China's Central Bank Supports Cross-Border RMB Interbank Financing to Boost Offshore Market Liquidity
This article contains AI assisted creative content
China's central bank has issued a framework supporting domestic banks in cross-border RMB interbank financing with overseas institutions, aiming to enhance offshore RMB liquidity, promote cross-border RMB usage, and strengthen risk-managed capital flow.
The People's Bank of China (PBOC) clarified that cross-border RMB interbank financing covers borrowing and lending between domestic and foreign financial institutions, including account financing, bond repos, and other arrangements involving real claims and liabilities. The framework excludes domestic banks' purchases of foreign interbank certificates of deposit or bonds.
Eligible domestic banks include Chinese-funded, wholly foreign-owned, and joint-venture banks, as well as foreign bank branches in China.

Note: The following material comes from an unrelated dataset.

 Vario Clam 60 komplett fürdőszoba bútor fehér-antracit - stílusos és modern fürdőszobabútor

Overseas counterparties include central banks, commercial banks, insurance companies, securities firms, fund managers, and long-term institutional investors such as sovereign wealth and pension funds.
Key Features
Risk-Managed Lending Limits: Net RMB lending to overseas institutions is capped based on capital levels and funding capacity, with thresholds designed for macroprudential stability. Banks must set up internal monitoring systems, with alerts at 80% of the cap.
Countercyclical Flexibility: The PBOC can adjust lending parameters based on offshore RMB liquidity and cross-border capital flow trends.

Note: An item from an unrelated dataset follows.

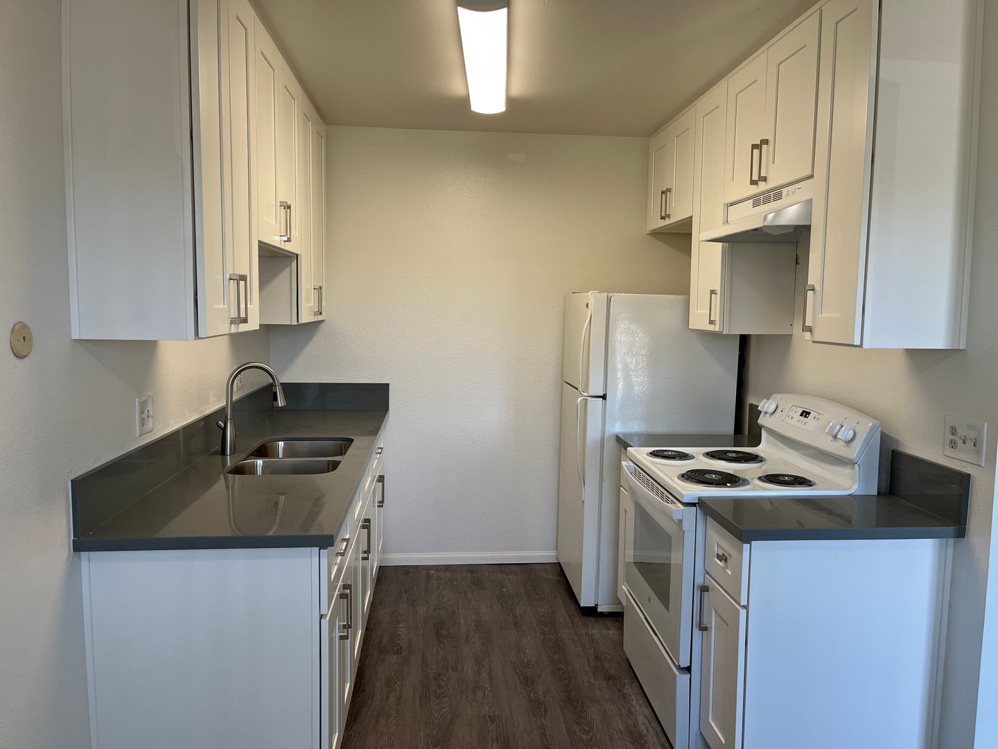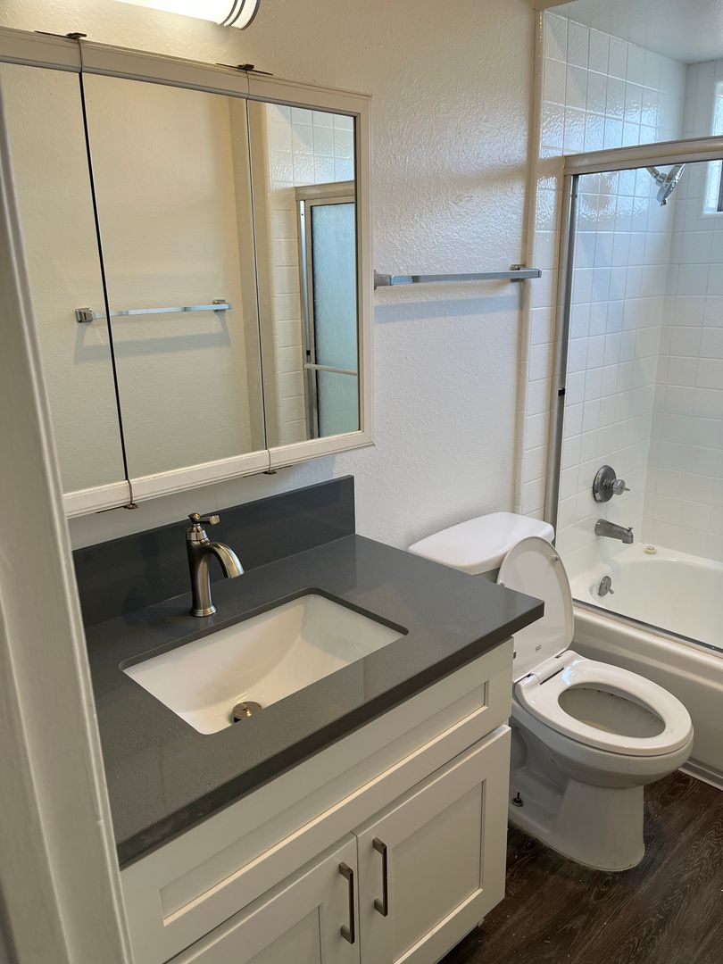 Beautiful large 1br/1ba unit in a charming park like setting complex with brand new kitchen and bathrooms, plank flooring, BBQ and picnic tables, appliances including stove, fridge, A/C, on-site laundry, off-street parking, Near great schools and parks.

Exemptions for Trade-Related Flows: RMB cross-border lending tied to genuine trade financing, indirect loans to overseas enterprises, and transactions via RMB clearing banks are excluded from net lending limits.
Governance & Reporting: Banks must report monthly activity through the RMB Cross-Border Payment Information Management System (RCPMIS). The PBOC will monitor compliance both on-site and off-site.
THREE
The framework gives domestic banks clearer, more flexible access to offshore RMB markets. By consolidating limits into a net lending cap, banks can optimize multiple interbank and trade-related transactions without overlapping restrictions.
For market participants, this offers an opportunity to leverage RMB liquidity offshore, support cross-border investment, and reduce reliance on third currencies for trade settlement. Cross-border interbank financing under these rules will play a central role in facilitating RMB-denominated transactions, providing liquidity, and supporting China's broader trade and investment flows.